Dr. Evans S. Voultepsis, 80, delivered thousands of babies

July 19, 2004|By Lisa Goldberg | Lisa Goldberg,SUN STAFF

Dr. Evans S. Voultepsis, who delivered more than 3,000 babies during a medical career that spanned a half-century, died Thursday of multiple myeloma at Franklin Square Hospital Center. The Timonium resident was 80.

Dr. Voultepsis was the epitome of the old-fashioned doctor -- one who could give a patient a diagnosis merely through sight and touch, family members said.

He loved delivering babies and would head to the hospital quickly after learning that a patient was about to give birth -- often spending hours with the women and tending to their needs, the family said.

"It was definitely a passion for him. He loved to deliver babies," said his daughter, Tina Graf of Forest Hill in Harford County. "We teased him: He loved bringing life into the world, but he wouldn't change [his grandchildren's] diapers."

Dr. Voultepsis didn't let a patient's inability to pay get in the way of needed medical care, said his daughter-in-law, Roann Voultepsis of Lutherville, noting that a man once fixed his garage door as payment.

Born and educated in Athens, Greece, Dr.

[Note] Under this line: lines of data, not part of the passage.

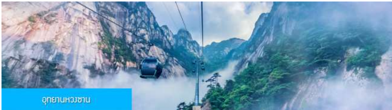
อุทยานหวางซาน
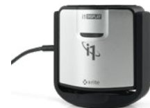
COLORIMETRUL X-RITE I1DISPLAY PRO

*Pe baza analizei interne Dell a testărilor utilizând cablul inclus conectat la PC-uri Dell cu compatibilitate USB 3.1 din a doua generație.
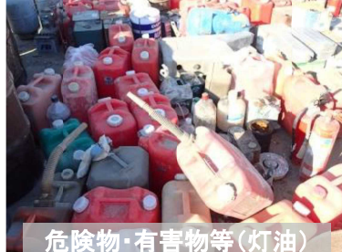
危険物・有害物等(灯油)
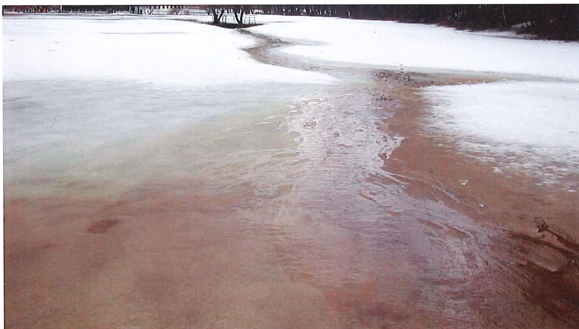
Figure 1 : Pollution visible liée à un épandage sur neige.
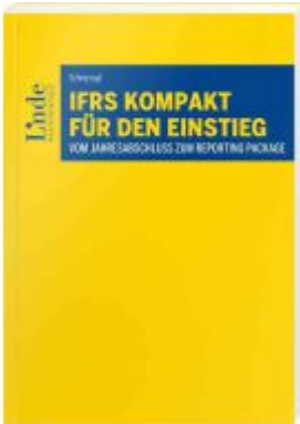
IFRS kompakt für den Einstieg Ladenpreis: 28,00EUR

Voultepsis lost both of his parents by the time he was 21. He earned his medical degree from the National University of Athens in 1953 and moved to the United States two years later.

He entertained the idea of becoming a nephrologist -- his mother had died of kidney disease -- but turned instead to obstetrics and gynecology, his daughter-in-law said.

"He always said he liked deliveries because he was the first person to hold the baby," she said. "When he stopped delivering, he really missed it."

He had residencies in New York, Illinois and Virginia before moving to the Baltimore area in the early 1960s. While in Manhattan, he met his future wife, the former Teresa Lepore, who was working in the same hospital.

He built a practice in Bel Air and at Franklin Square that eventually attracted more than 15,000 patients, according to his resume.

He gave up delivering babies about 10 years ago at age 70, according to Mrs. Graf.

"He was a family member to a lot of people -- a very comfortable doctor for them to be with," she said.

In his last years of practice, he shared space at Franklin Square with a colleague, Dr. Michael Magan. Dr. Voultepsis would see patients until they were due to give birth or needed surgery, then refer them to Dr. Magan or another obstetrician.

"He was supposed to retire, but he couldn't retire, so he continued to see patients in my office," Dr. Magan said. "He's going to be missed terribly by the Greek community. He delivered a lot of their babies."

Dr. Voultepsis finally retired at the end of February.

He was a "wonderful father," and very organized -- known by family members for his incessant vacuuming, Mrs. Graf said.

At home, he indulged his passion for trains in his basement, building a multi-tiered train garden, complete with miniature trees, buildings and people, and smoke coming from the trains, family members said.

Dr. Voultepsis also was an avid Baltimore Ravens fan and had a keen interest in modern Greek history. He and longtime friend Efthymios G. Ponticas, who met as immigrants about four decades ago, would talk about their service in the Greek army during their country's civil conflict from 1946 to 1949 and share books on the topic.

Dr. Voultepsis and some friends, including Dr. Magan, were planning a September visit to Greece so Dr. Voultepsis could show off his native country.

Dr. Magan said the group will "complete the trip he originated."

Services will be held at 10:30 a.m. today at the Greek Orthodox Cathedral of the Annunciation, Maryland Avenue and Preston Street in Baltimore.

In addition to his wife and daughter, Dr. Voultepsis is survived by a son, Alex Voultepsis of Lutherville; another daughter, Lisa Milstead of Timonium; and four grandchildren.